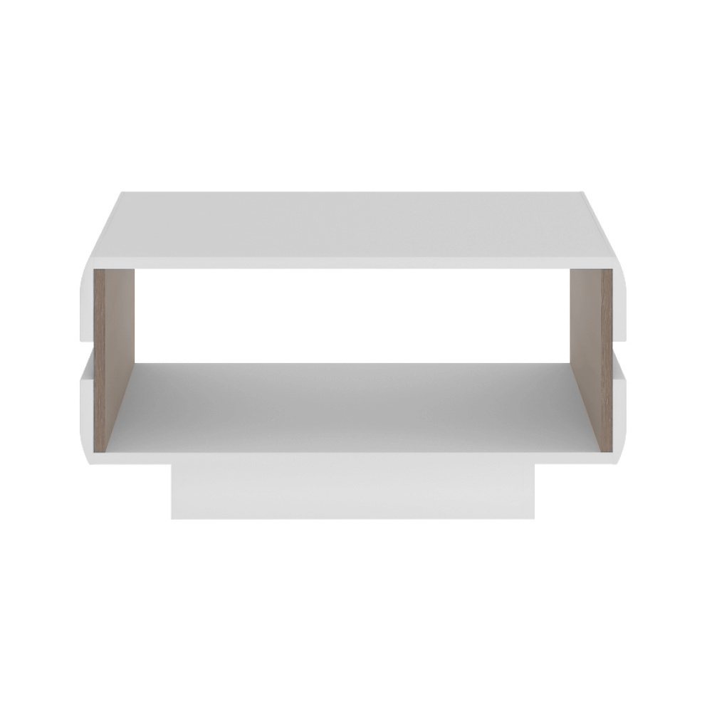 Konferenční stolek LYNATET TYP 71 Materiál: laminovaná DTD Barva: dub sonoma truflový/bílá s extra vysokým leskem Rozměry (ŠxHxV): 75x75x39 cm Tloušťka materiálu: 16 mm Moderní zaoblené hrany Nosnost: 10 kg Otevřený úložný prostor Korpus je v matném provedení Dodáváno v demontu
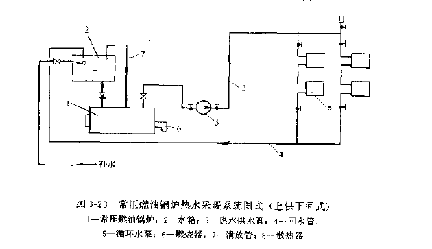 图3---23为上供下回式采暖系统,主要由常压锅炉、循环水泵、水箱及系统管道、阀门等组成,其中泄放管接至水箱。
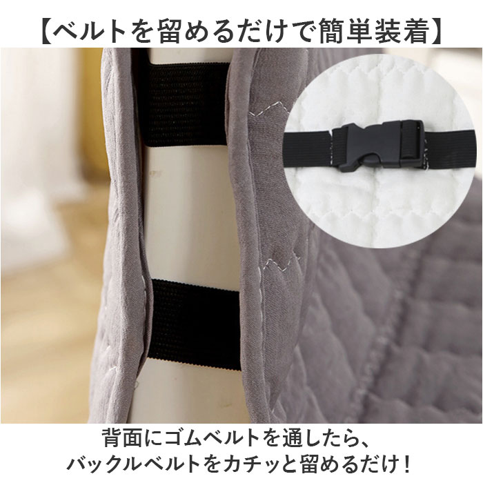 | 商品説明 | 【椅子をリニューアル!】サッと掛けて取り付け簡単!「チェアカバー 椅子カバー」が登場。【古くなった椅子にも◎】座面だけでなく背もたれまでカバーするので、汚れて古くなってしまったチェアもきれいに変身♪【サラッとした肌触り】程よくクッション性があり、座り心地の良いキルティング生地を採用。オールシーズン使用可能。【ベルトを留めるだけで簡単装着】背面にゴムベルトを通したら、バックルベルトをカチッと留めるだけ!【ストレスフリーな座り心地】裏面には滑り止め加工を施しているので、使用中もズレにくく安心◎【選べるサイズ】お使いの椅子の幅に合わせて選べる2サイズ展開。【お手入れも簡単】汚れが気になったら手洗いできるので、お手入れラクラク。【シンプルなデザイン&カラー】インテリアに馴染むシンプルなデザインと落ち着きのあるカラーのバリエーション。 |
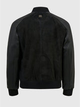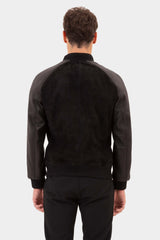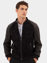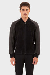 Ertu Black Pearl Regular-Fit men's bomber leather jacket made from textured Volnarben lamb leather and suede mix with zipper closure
= = =
## [TASK BRIEF]
Give the listing again word for word. Skip every image.

## [ANSWER SPACE]
 Konferenční stolek LYNATET TYP 71 Materiál: laminovaná DTD Barva: dub sonoma truflový/bílá s extra vysokým leskem Rozměry (ŠxHxV): 75x75x39 cm Tloušťka materiálu: 16 mm Moderní zaoblené hrany Nosnost: 10 kg Otevřený úložný prostor Korpus je v matném provedení Dodáváno v demontu
 图3---23为上供下回式采暖系统,主要由常压锅炉、循环水泵、水箱及系统管道、阀门等组成,其中泄放管接至水箱。
 | 商品説明 | 【椅子をリニューアル!】サッと掛けて取り付け簡単!「チェアカバー 椅子カバー」が登場。【古くなった椅子にも◎】座面だけでなく背もたれまでカバーするので、汚れて古くなってしまったチェアもきれいに変身♪【サラッとした肌触り】程よくクッション性があり、座り心地の良いキルティング生地を採用。オールシーズン使用可能。【ベルトを留めるだけで簡単装着】背面にゴムベルトを通したら、バックルベルトをカチッと留めるだけ!【ストレスフリーな座り心地】裏面には滑り止め加工を施しているので、使用中もズレにくく安心◎【選べるサイズ】お使いの椅子の幅に合わせて選べる2サイズ展開。【お手入れも簡単】汚れが気になったら手洗いできるので、お手入れラクラク。【シンプルなデザイン&カラー】インテリアに馴染むシンプルなデザインと落ち着きのあるカラーのバリエーション。 |
 Ertu Black Pearl Regular-Fit men's bomber leather jacket made from textured Volnarben lamb leather and suede mix with zipper closure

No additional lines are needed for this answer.